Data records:
============================================================

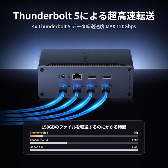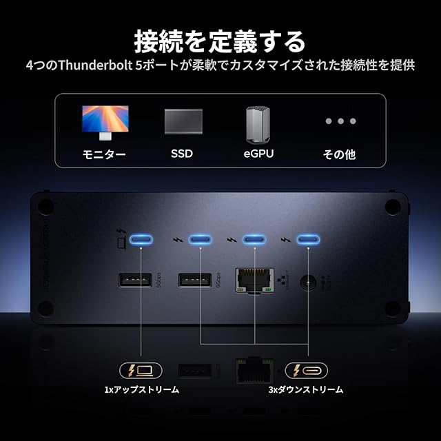 【2025最新傑作!Revodok Max 13-in-1拡張】24ヶ月品質で、12時間以内に対応しますので、安心してご購入ください!Thunderbolt 5 ドッキングステーションには、Thunderboltユーザー向けに設計、4 つのThunderbolt 5(最大120Gbps、単一画面出力8K@60H、6K@60Hのデュアルスクリーン出力)、1 つのUSB-C 3.2 (最大10Gbps、20W)、 2 つのUSB-A 3.2(最大10Gbps) 、 2つのUSB-A 3.0(最大5Gbps)、1 つの SD/TF4.0カードスロット(最大312MB/s) RJ-45イーサネット(最大2.5Gbps)、オーディオ(3.5mm AUX)および 180W DC 電源ポートを備えており、すべての高性能拡張ニーズを満たすことができます。さらに、洗練されたケーブル管理システムにより、デスク周りの配線を整理し、快適で効率的な作業空間を提供します。
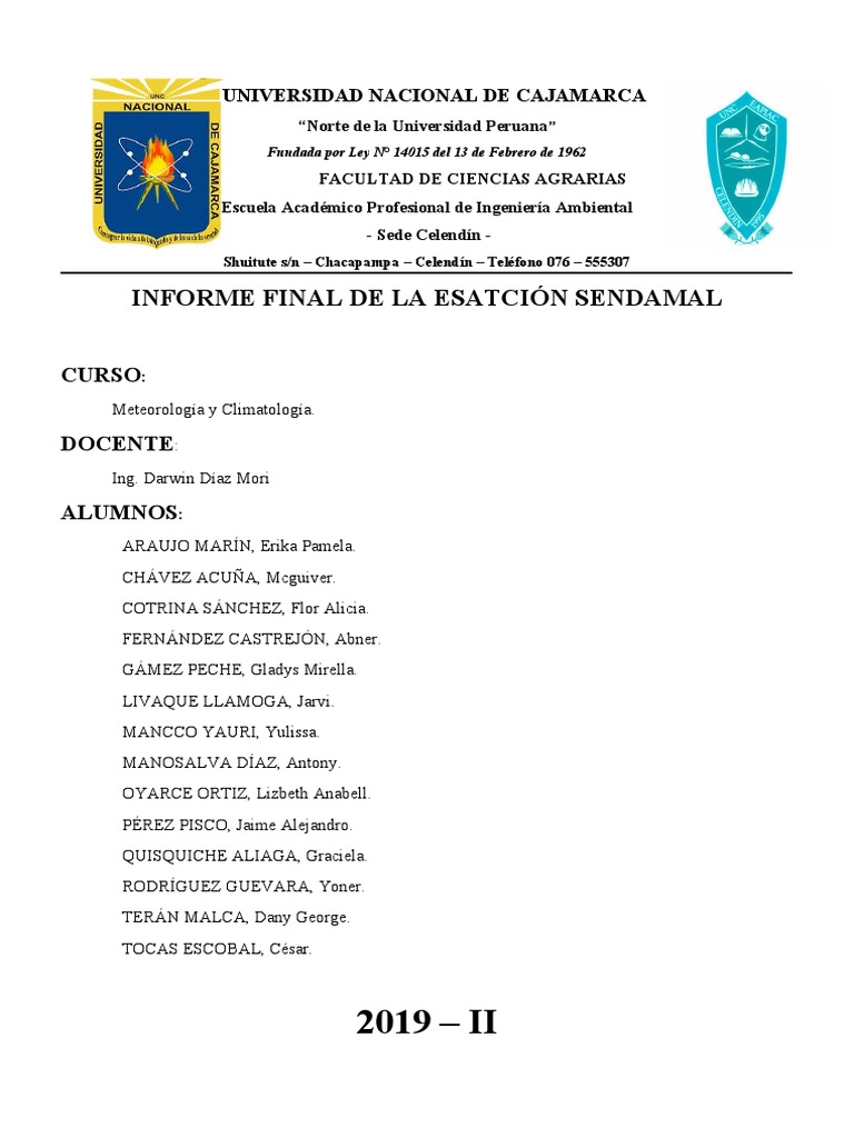 The SENDAMAL station belongs to the district of Sucre, province of Celendín, department
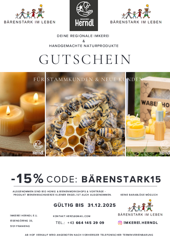 Dir gefallen die Angebote von der Imkerei Herndl und du möchtest diese gern ausprobieren? Dann löse gleich den Gutschein dafür ein!
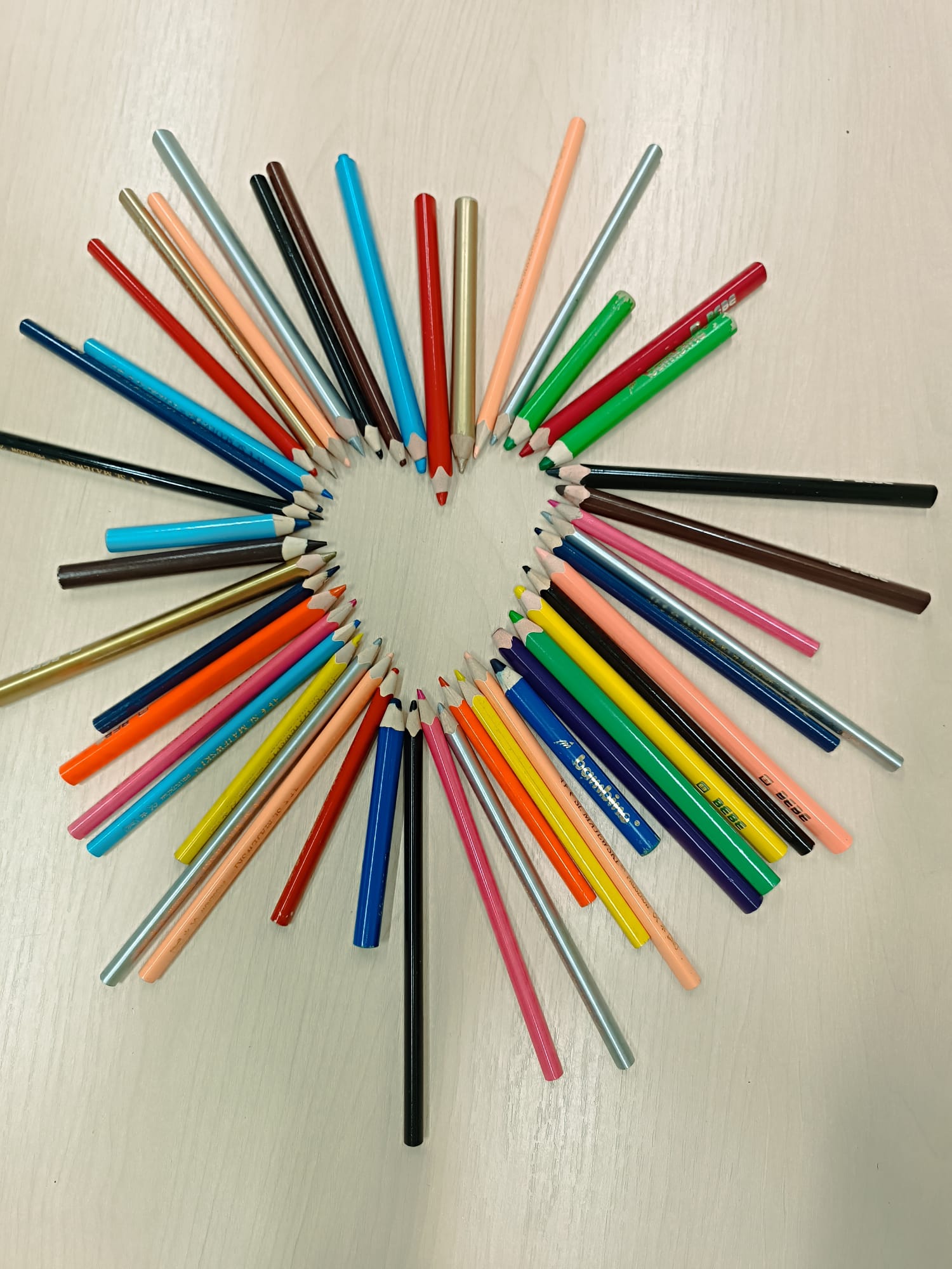 Dzieci za pomocą kredek dzieci doskonaliły dziś znajomość kolorów szukając w sali kredki w danym kolorze wywołanym przez opiekunkę, a także rozróżnianie kolorów segregując kredki.
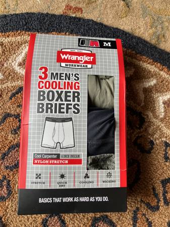 3 PACK OF NEW WRANGLER XL BOXER BRIEFS. 5.00. ( xl briefs came in a Med marked package)
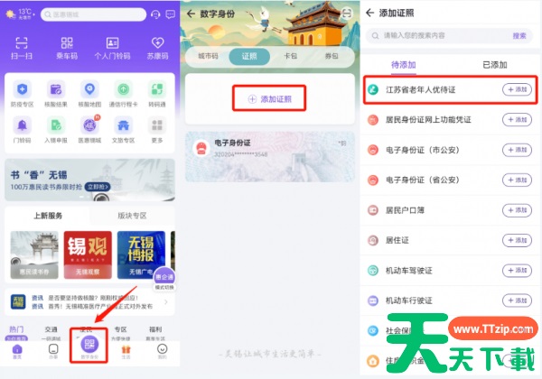 进入【数字身份】-【证照】页面,选择“添加证照”,在待添加列表中选择【江苏省老年人优待证】,点击“添加”按钮。
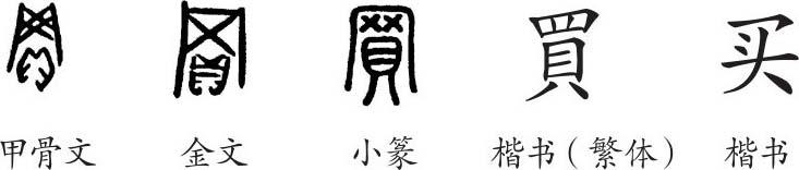 《说文·贝部》:“買,市也。从网、貝。如《孟子》曰:‘登垄断而网市利。’”(買,购进。由网、貝会意。《孟子》说:“登上独立的高地(窥视),(企图)网罗买卖的好处。”)
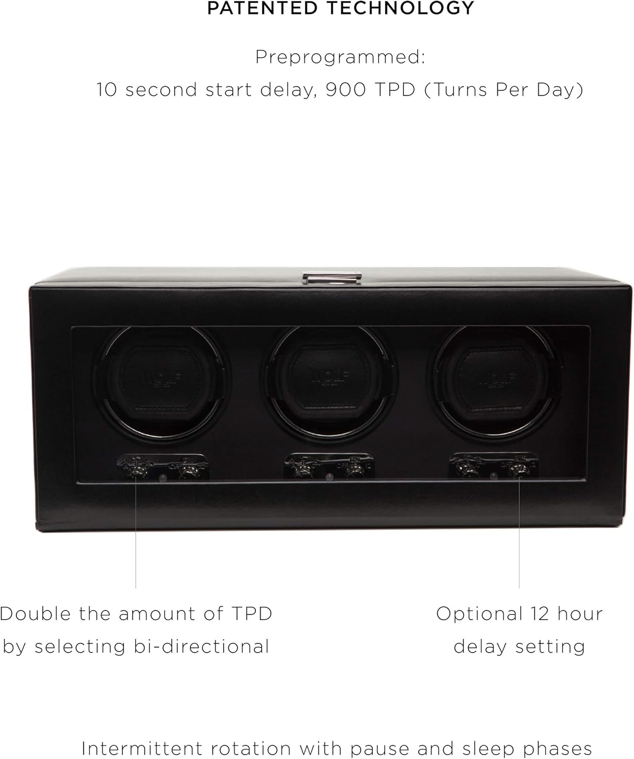WOLF 270202 Heritage Triple Watch Winder with Cover, Black
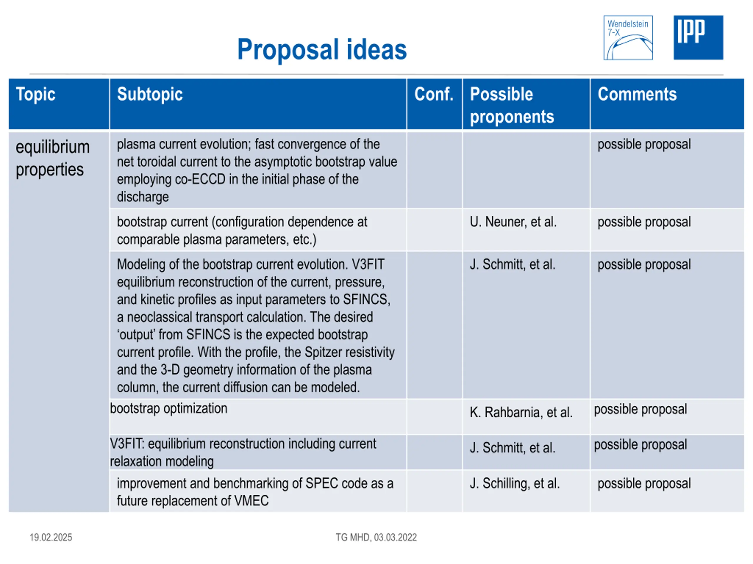 Proposal ideas Topic Subtopic Conf. Possible proponents Comments plasma current evolution; fast convergence of the net toroidal current to the asymptotic bootstrap value employing co-ECCD in the initial phase of the discharge possible proposal equilibrium properties bootstrap current (configuration dependence at comparable plasma parameters, etc.) U. Neuner, et al. possible proposal Modeling of the bootstrap current evolution. V3FIT equilibrium reconstruction of the current, pressure, and kinetic profiles as input parameters to SFINCS, a neoclassical transport calculation. The desired output from SFINCS is the expected bootstrap current profile. With the profile, the Spitzer resistivity and the 3-D geometry information of the plasma column, the current diffusion can be modeled. bootstrap optimization J. Schmitt, et al. possible proposal possible proposal K. Rahbarnia, et al. V3FIT: equilibrium reconstruction including current relaxation modeling improvement and benchmarking of SPEC code as a future replacement of VMEC possible proposal J. Schmitt, et al. J. Schilling, et al. possible proposal 19.02.2025 TG MHD, 03.03.2022

============================================================

EXERCISE REQUIREMENTS:
Write out every entry exactly. Pictures do not belong in the copy.

SOLUTION BELOW:
 【2025最新傑作!Revodok Max 13-in-1拡張】24ヶ月品質で、12時間以内に対応しますので、安心してご購入ください!Thunderbolt 5 ドッキングステーションには、Thunderboltユーザー向けに設計、4 つのThunderbolt 5(最大120Gbps、単一画面出力8K@60H、6K@60Hのデュアルスクリーン出力)、1 つのUSB-C 3.2 (最大10Gbps、20W)、 2 つのUSB-A 3.2(最大10Gbps) 、 2つのUSB-A 3.0(最大5Gbps)、1 つの SD/TF4.0カードスロット(最大312MB/s) RJ-45イーサネット(最大2.5Gbps)、オーディオ(3.5mm AUX)および 180W DC 電源ポートを備えており、すべての高性能拡張ニーズを満たすことができます。さらに、洗練されたケーブル管理システムにより、デスク周りの配線を整理し、快適で効率的な作業空間を提供します。
 The SENDAMAL station belongs to the district of Sucre, province of Celendín, department
 Dir gefallen die Angebote von der Imkerei Herndl und du möchtest diese gern ausprobieren? Dann löse gleich den Gutschein dafür ein!
 Dzieci za pomocą kredek dzieci doskonaliły dziś znajomość kolorów szukając w sali kredki w danym kolorze wywołanym przez opiekunkę, a także rozróżnianie kolorów segregując kredki.
 3 PACK OF NEW WRANGLER XL BOXER BRIEFS. 5.00. ( xl briefs came in a Med marked package)
 进入【数字身份】-【证照】页面,选择“添加证照”,在待添加列表中选择【江苏省老年人优待证】,点击“添加”按钮。
 《说文·贝部》:“買,市也。从网、貝。如《孟子》曰:‘登垄断而网市利。’”(買,购进。由网、貝会意。《孟子》说:“登上独立的高地(窥视),(企图)网罗买卖的好处。”)
WOLF 270202 Heritage Triple Watch Winder with Cover, Black
 Proposal ideas Topic Subtopic Conf. Possible proponents Comments plasma current evolution; fast convergence of the net toroidal current to the asymptotic bootstrap value employing co-ECCD in the initial phase of the discharge possible proposal equilibrium properties bootstrap current (configuration dependence at comparable plasma parameters, etc.) U. Neuner, et al. possible proposal Modeling of the bootstrap current evolution. V3FIT equilibrium reconstruction of the current, pressure, and kinetic profiles as input parameters to SFINCS, a neoclassical transport calculation. The desired output from SFINCS is the expected bootstrap current profile. With the profile, the Spitzer resistivity and the 3-D geometry information of the plasma column, the current diffusion can be modeled. bootstrap optimization J. Schmitt, et al. possible proposal possible proposal K. Rahbarnia, et al. V3FIT: equilibrium reconstruction including current relaxation modeling improvement and benchmarking of SPEC code as a future replacement of VMEC possible proposal J. Schmitt, et al. J. Schilling, et al. possible proposal 19.02.2025 TG MHD, 03.03.2022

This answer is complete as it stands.